(Saved entries)
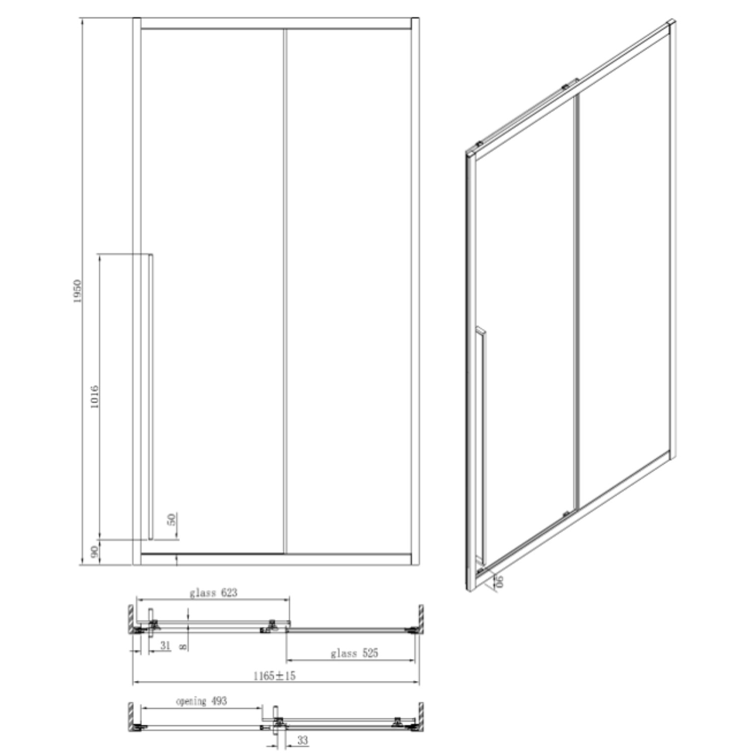 With an adjustable width of 1165–1180mm, this shower door is ideal for alcove installations. The 493mm entry width ensures easy access while the sliding mechanism saves on space, making it perfect for smaller or more efficient layouts.
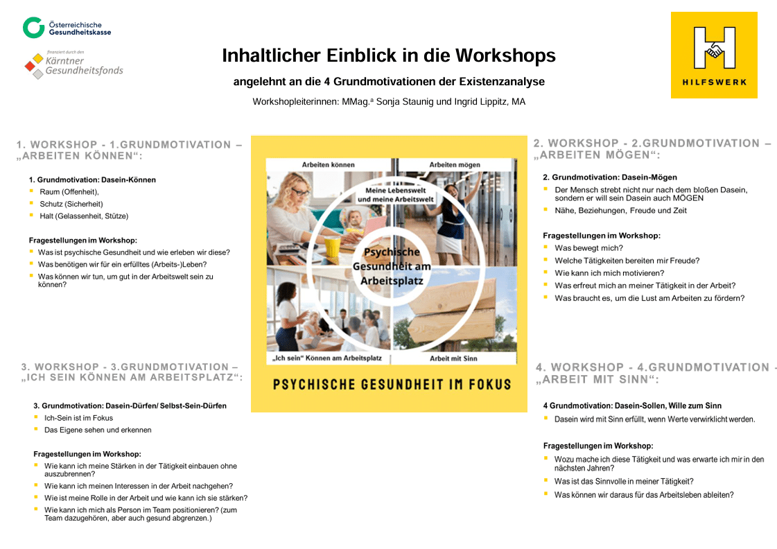 Die Workshops basieren auf der Existenzanalyse und den vier Grundmotivationen nach Alfried Längle, die Themen wie Halt, Sicherheit, Beziehungen, Lebensfreude, Sinnorientierung und Persönlichkeitsentfaltung in den Mittelpunkt stellen. Dabei werden praxisnahe Fragen behandelt:
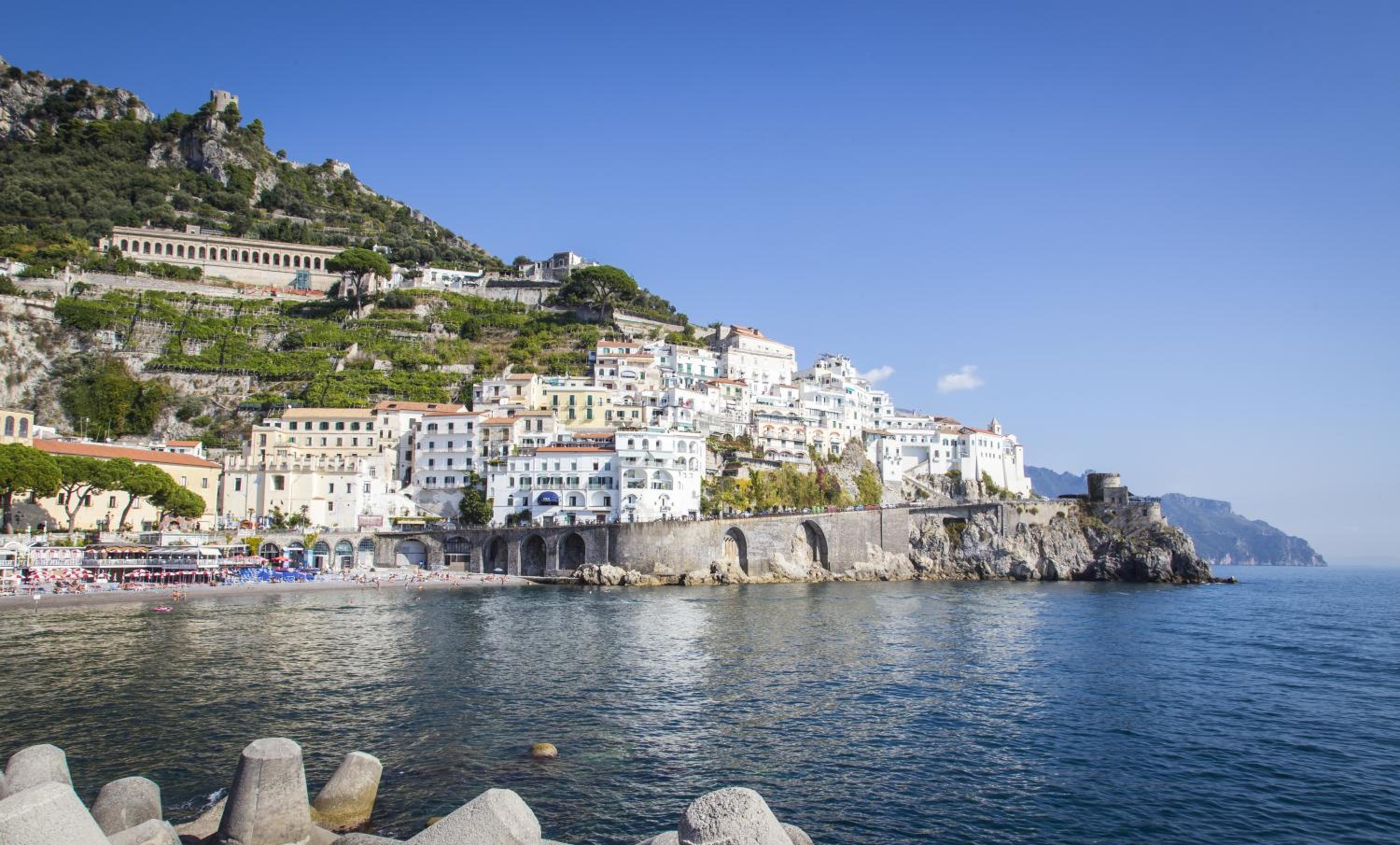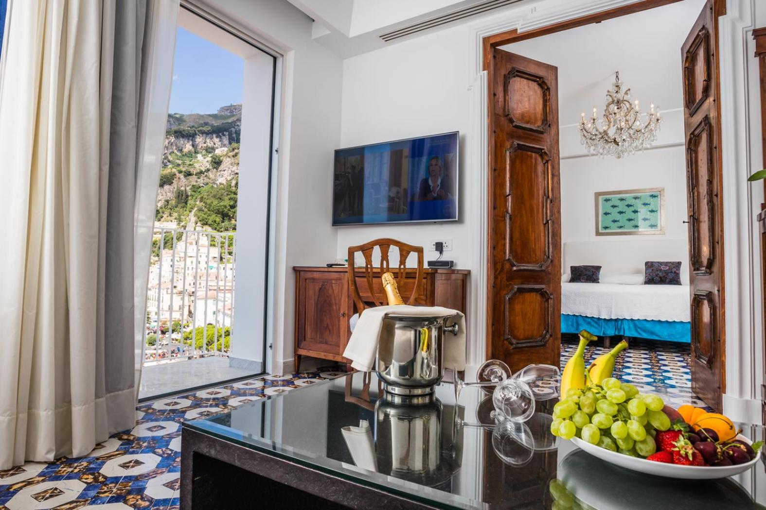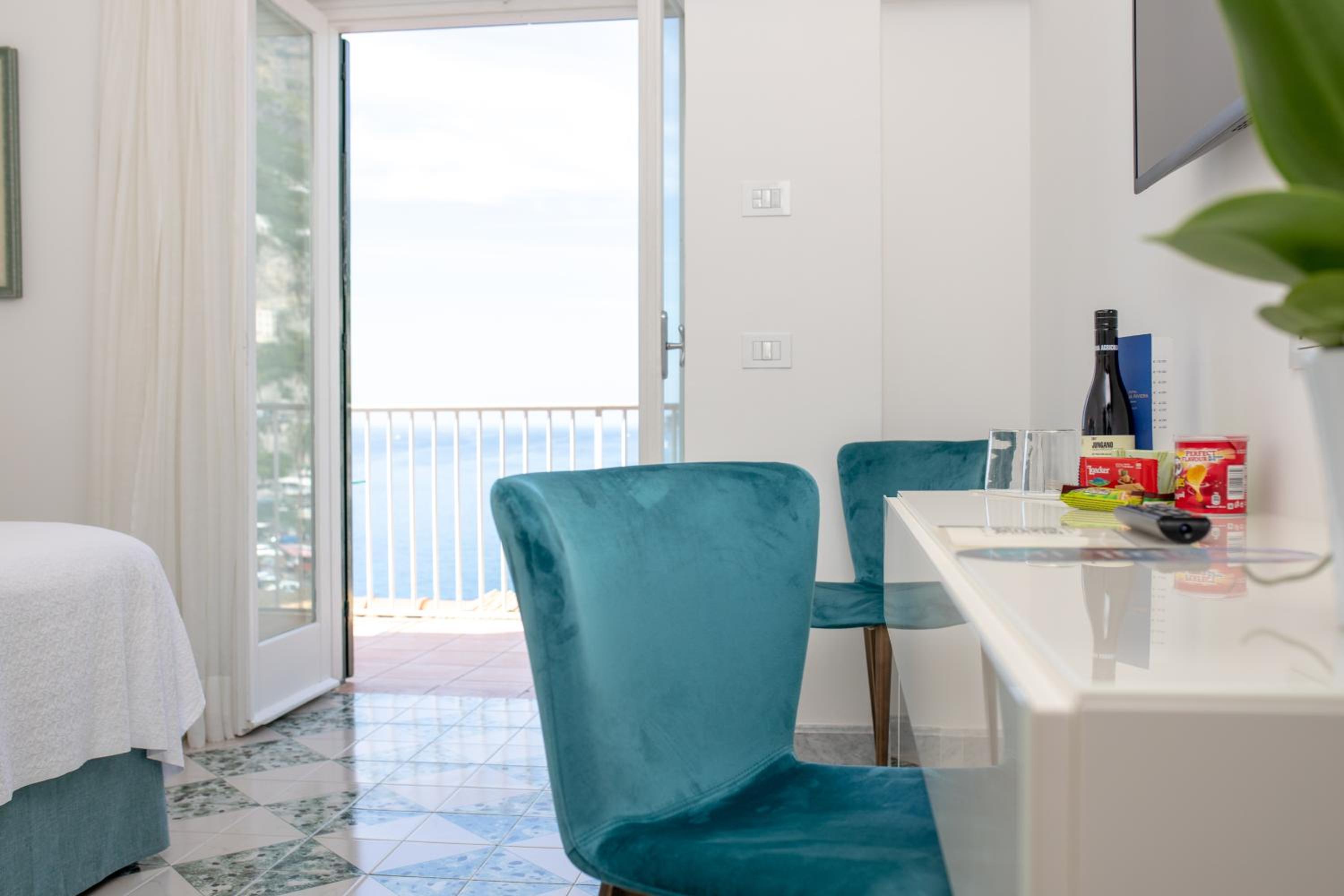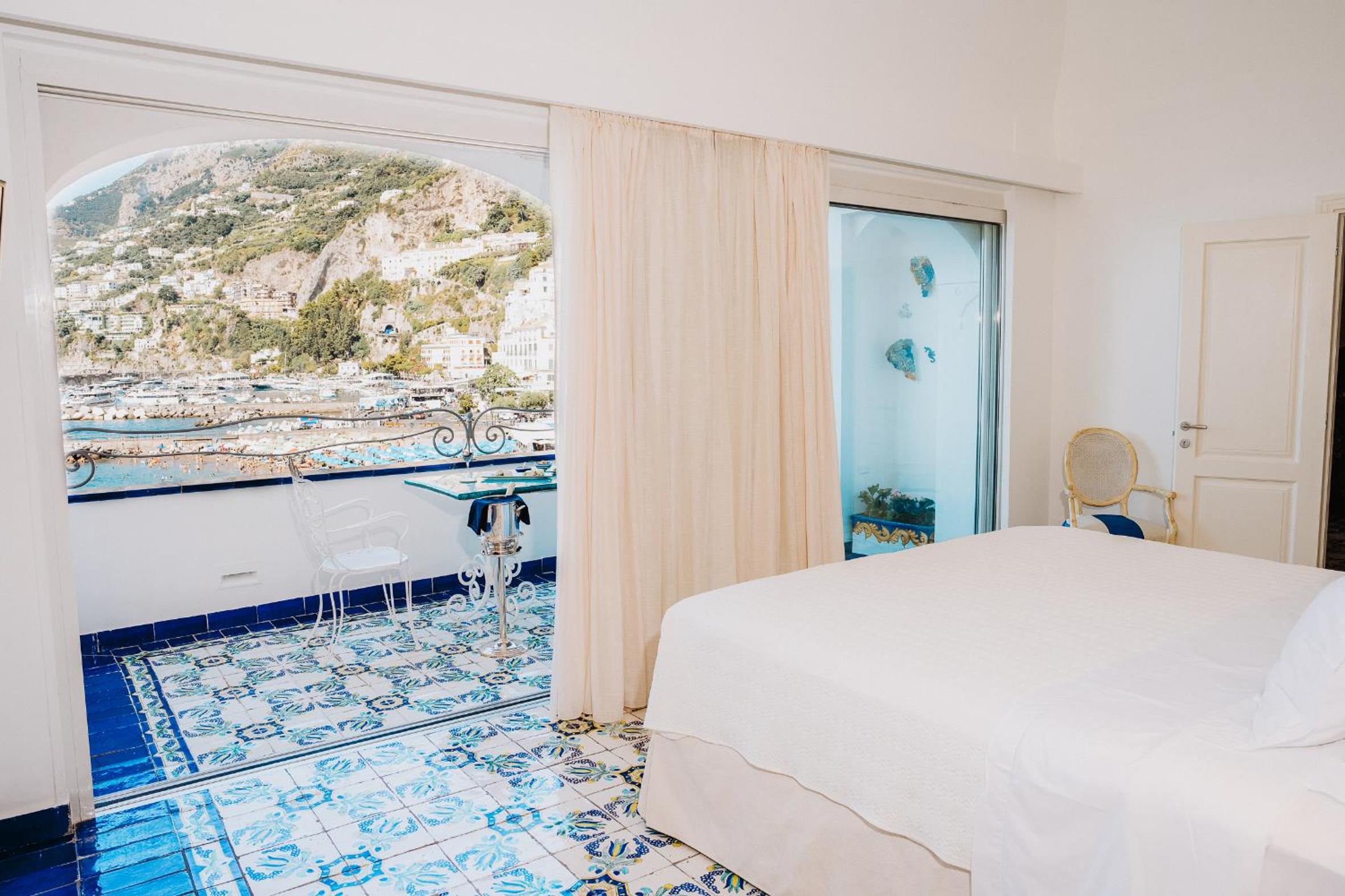 Wake up to the symphony of the sea in one of Hotel Marina Riviera’s 38 charming rooms, each adorned in quintessential Mediterranean style. From the private balcony of your standard, deluxe, junior suite, or suite, behold the breathtaking vista of the Amalfi Coast. Gaze at the endless expanse of the Tyrrhenian Sea and the charming bay of Amalfi. This is your own private paradise.
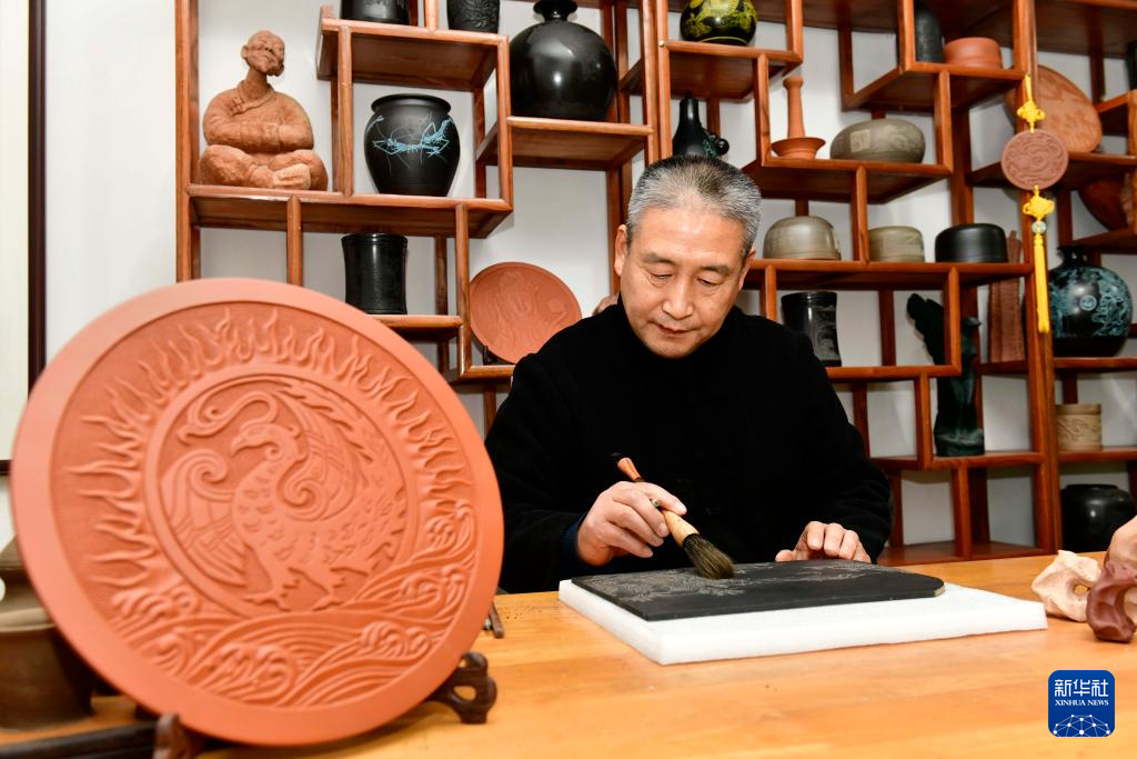12月13日,在日照市平面陶非遗工坊,非遗传承人徐冰在创作平面陶。
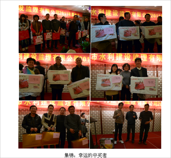 2012年1月11日是我們水利監(jiān)理員工分享快樂的日子,此刻全體員工歡聚一堂,忘記了一年來的辛勤工作,臉上都洋溢著幸福的歡笑。晚宴進行的同時,還穿插著獎品豐富、激動人心的抽獎活動。整個年會在和諧、溫馨的氣氛中圓滿結束!

> _EXERCISE DIRECTIONS_: When you retype the data above, match every line exactly and leave the pictures behind.

> _FINISHED EXERCISE_:
 With an adjustable width of 1165–1180mm, this shower door is ideal for alcove installations. The 493mm entry width ensures easy access while the sliding mechanism saves on space, making it perfect for smaller or more efficient layouts.
 Die Workshops basieren auf der Existenzanalyse und den vier Grundmotivationen nach Alfried Längle, die Themen wie Halt, Sicherheit, Beziehungen, Lebensfreude, Sinnorientierung und Persönlichkeitsentfaltung in den Mittelpunkt stellen. Dabei werden praxisnahe Fragen behandelt:
 Wake up to the symphony of the sea in one of Hotel Marina Riviera’s 38 charming rooms, each adorned in quintessential Mediterranean style. From the private balcony of your standard, deluxe, junior suite, or suite, behold the breathtaking vista of the Amalfi Coast. Gaze at the endless expanse of the Tyrrhenian Sea and the charming bay of Amalfi. This is your own private paradise.
12月13日,在日照市平面陶非遗工坊,非遗传承人徐冰在创作平面陶。
 2012年1月11日是我們水利監(jiān)理員工分享快樂的日子,此刻全體員工歡聚一堂,忘記了一年來的辛勤工作,臉上都洋溢著幸福的歡笑。晚宴進行的同時,還穿插著獎品豐富、激動人心的抽獎活動。整個年會在和諧、溫馨的氣氛中圓滿結束!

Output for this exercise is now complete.